_Records for the task_.
* * * *

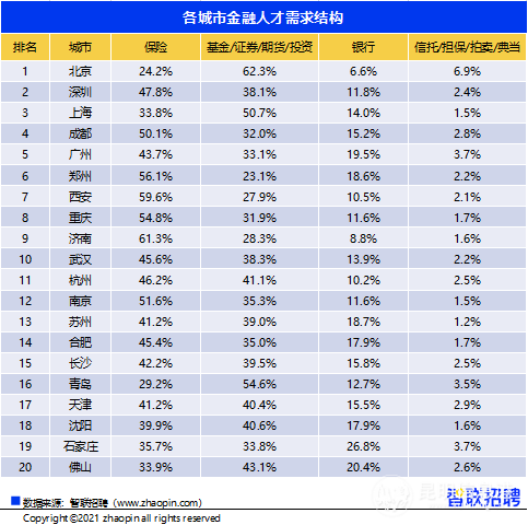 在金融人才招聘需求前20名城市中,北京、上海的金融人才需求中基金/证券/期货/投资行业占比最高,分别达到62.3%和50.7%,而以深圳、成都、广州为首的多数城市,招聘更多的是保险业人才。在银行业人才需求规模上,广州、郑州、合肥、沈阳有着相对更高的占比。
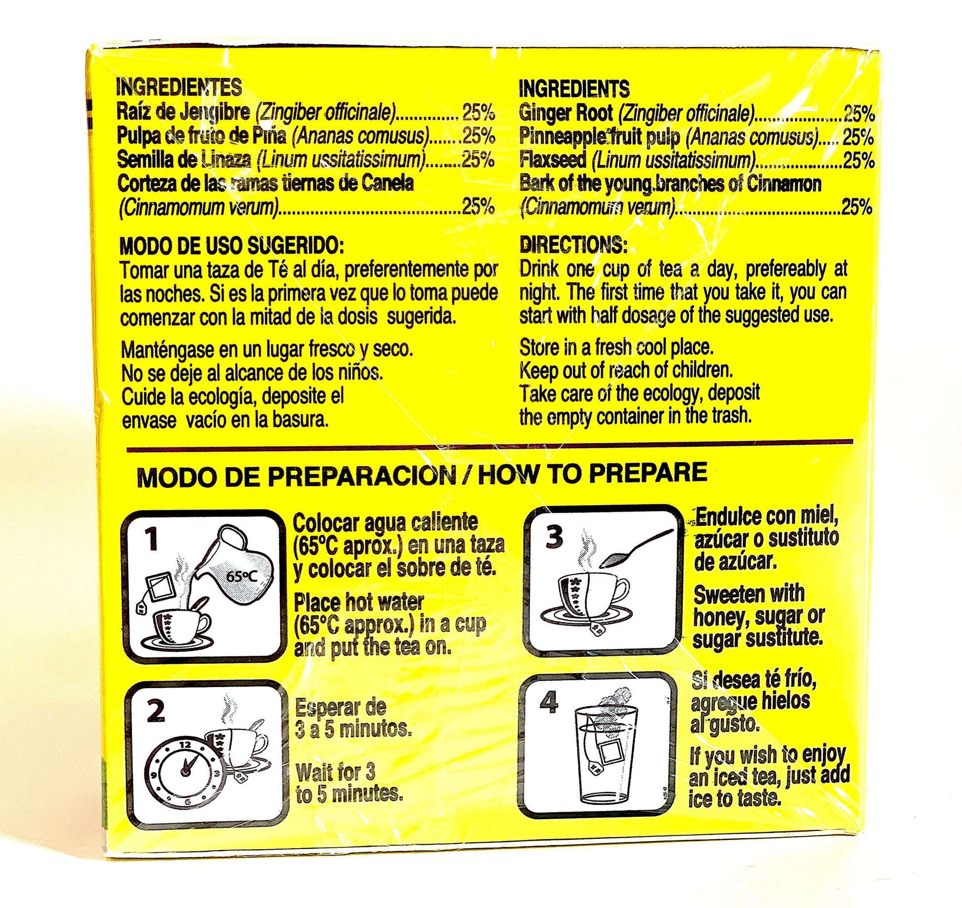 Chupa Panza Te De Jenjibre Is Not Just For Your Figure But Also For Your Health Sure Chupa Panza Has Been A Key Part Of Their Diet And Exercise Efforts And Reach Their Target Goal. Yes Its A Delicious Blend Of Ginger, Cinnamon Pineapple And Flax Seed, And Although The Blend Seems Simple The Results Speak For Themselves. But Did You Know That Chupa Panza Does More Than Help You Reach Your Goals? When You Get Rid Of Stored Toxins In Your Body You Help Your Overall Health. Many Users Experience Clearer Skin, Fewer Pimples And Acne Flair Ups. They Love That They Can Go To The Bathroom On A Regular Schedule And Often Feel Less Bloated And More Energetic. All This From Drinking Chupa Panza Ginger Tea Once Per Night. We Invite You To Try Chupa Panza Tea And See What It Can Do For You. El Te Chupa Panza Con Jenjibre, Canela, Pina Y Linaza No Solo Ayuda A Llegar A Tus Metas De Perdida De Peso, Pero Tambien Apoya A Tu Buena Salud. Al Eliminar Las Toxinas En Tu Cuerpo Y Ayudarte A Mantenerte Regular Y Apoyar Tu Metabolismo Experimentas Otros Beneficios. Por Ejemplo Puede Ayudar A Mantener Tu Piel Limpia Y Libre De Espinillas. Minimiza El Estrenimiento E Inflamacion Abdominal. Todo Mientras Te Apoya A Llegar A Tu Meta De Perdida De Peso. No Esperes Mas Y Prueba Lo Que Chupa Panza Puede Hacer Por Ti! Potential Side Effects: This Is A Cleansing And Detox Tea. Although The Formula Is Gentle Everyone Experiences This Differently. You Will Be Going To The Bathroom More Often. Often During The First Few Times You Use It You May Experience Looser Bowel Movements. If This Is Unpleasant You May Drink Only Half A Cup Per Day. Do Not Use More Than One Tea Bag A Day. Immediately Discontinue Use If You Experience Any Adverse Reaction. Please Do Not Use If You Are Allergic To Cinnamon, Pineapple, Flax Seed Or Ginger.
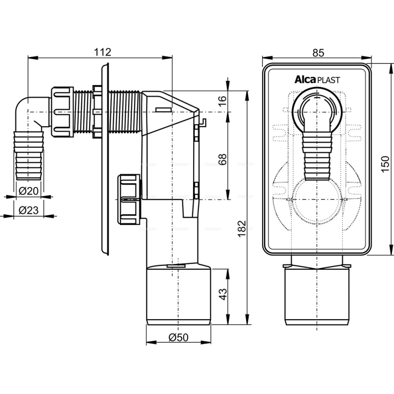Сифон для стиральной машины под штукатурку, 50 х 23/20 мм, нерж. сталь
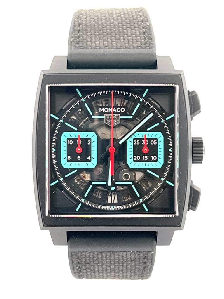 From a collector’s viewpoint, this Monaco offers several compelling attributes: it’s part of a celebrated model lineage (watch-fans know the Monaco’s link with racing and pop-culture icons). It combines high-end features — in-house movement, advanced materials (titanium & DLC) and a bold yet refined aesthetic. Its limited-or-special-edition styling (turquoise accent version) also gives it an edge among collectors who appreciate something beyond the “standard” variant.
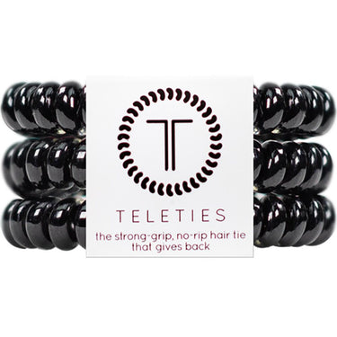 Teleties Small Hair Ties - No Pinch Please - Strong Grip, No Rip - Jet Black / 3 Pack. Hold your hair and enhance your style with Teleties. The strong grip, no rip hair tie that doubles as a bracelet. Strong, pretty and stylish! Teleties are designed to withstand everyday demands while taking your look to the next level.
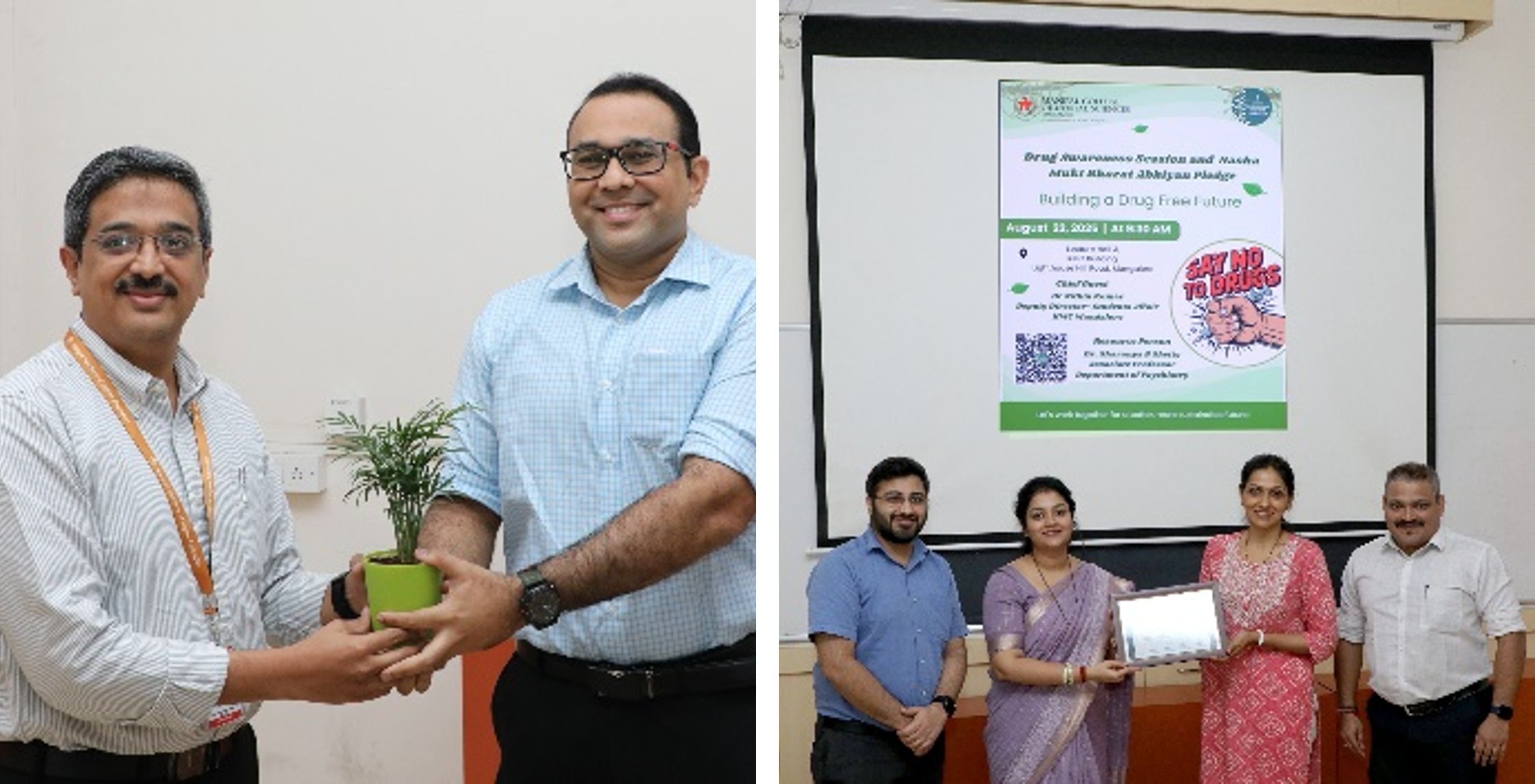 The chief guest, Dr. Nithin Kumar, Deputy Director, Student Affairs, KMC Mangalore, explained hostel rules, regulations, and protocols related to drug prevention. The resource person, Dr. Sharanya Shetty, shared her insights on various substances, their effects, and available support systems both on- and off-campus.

* * * *

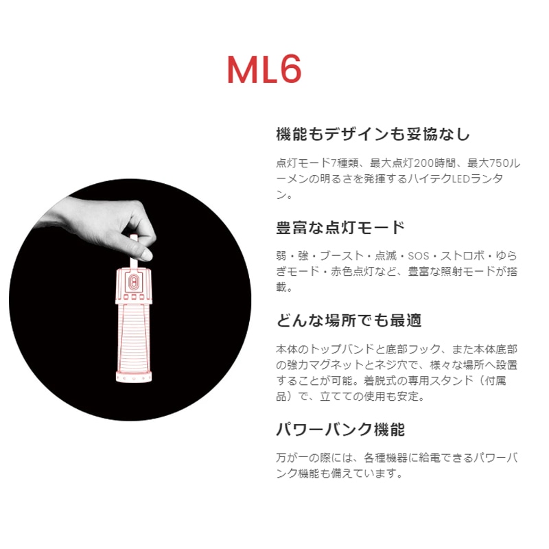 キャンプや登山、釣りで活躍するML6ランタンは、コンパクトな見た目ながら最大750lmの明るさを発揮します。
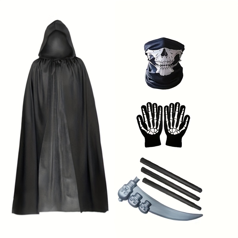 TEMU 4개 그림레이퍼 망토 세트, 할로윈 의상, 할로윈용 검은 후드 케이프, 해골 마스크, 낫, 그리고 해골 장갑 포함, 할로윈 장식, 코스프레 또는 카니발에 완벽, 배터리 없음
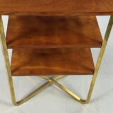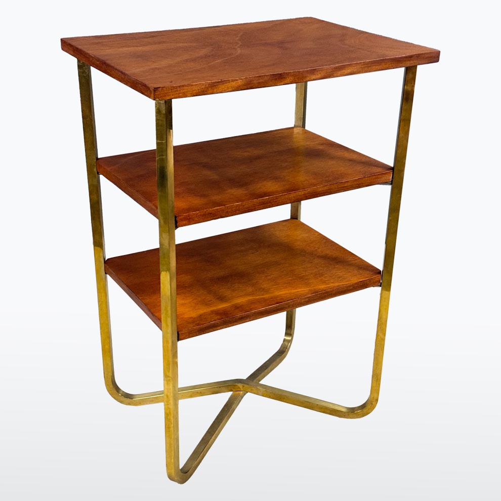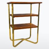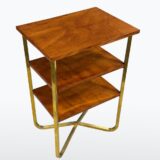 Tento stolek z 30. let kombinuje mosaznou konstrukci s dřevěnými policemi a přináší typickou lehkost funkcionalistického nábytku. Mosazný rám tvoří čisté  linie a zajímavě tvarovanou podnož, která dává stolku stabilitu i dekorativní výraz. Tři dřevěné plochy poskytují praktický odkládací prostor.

* * * *

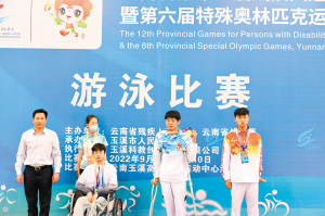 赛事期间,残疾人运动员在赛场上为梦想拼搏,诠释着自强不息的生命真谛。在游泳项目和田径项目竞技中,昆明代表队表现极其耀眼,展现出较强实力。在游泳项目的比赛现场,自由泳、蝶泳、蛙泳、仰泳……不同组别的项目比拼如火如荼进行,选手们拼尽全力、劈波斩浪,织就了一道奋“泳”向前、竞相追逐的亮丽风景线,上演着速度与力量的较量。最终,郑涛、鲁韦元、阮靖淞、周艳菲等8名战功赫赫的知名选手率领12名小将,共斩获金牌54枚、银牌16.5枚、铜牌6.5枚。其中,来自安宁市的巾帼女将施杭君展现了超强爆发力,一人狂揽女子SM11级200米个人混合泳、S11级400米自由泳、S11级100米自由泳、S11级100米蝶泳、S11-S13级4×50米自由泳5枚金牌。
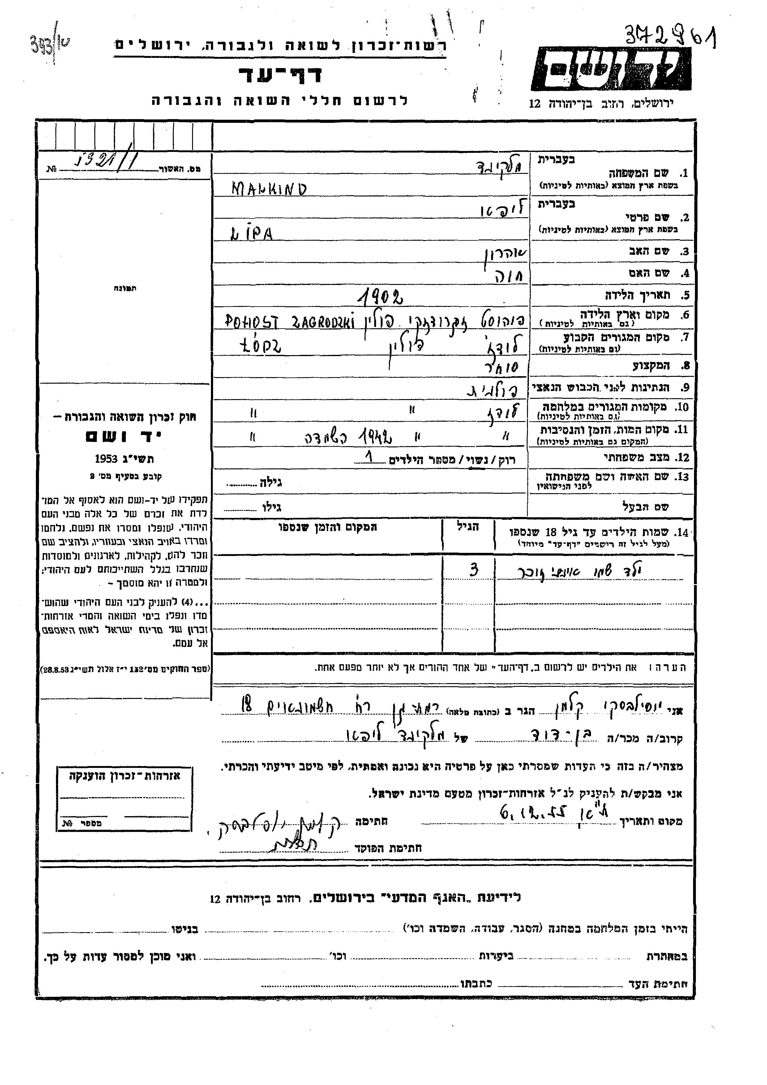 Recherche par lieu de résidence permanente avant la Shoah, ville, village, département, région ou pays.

* * * *

_Exercise details_.
Precisely those lines above that run from the line with "Teleties Small Hair" up to and including the line with "The chief guest, Dr." are to be set down, with the pictures omitted.

_Your solution_.
 Teleties Small Hair Ties - No Pinch Please - Strong Grip, No Rip - Jet Black / 3 Pack. Hold your hair and enhance your style with Teleties. The strong grip, no rip hair tie that doubles as a bracelet. Strong, pretty and stylish! Teleties are designed to withstand everyday demands while taking your look to the next level.
 The chief guest, Dr. Nithin Kumar, Deputy Director, Student Affairs, KMC Mangalore, explained hostel rules, regulations, and protocols related to drug prevention. The resource person, Dr. Sharanya Shetty, shared her insights on various substances, their effects, and available support systems both on- and off-campus.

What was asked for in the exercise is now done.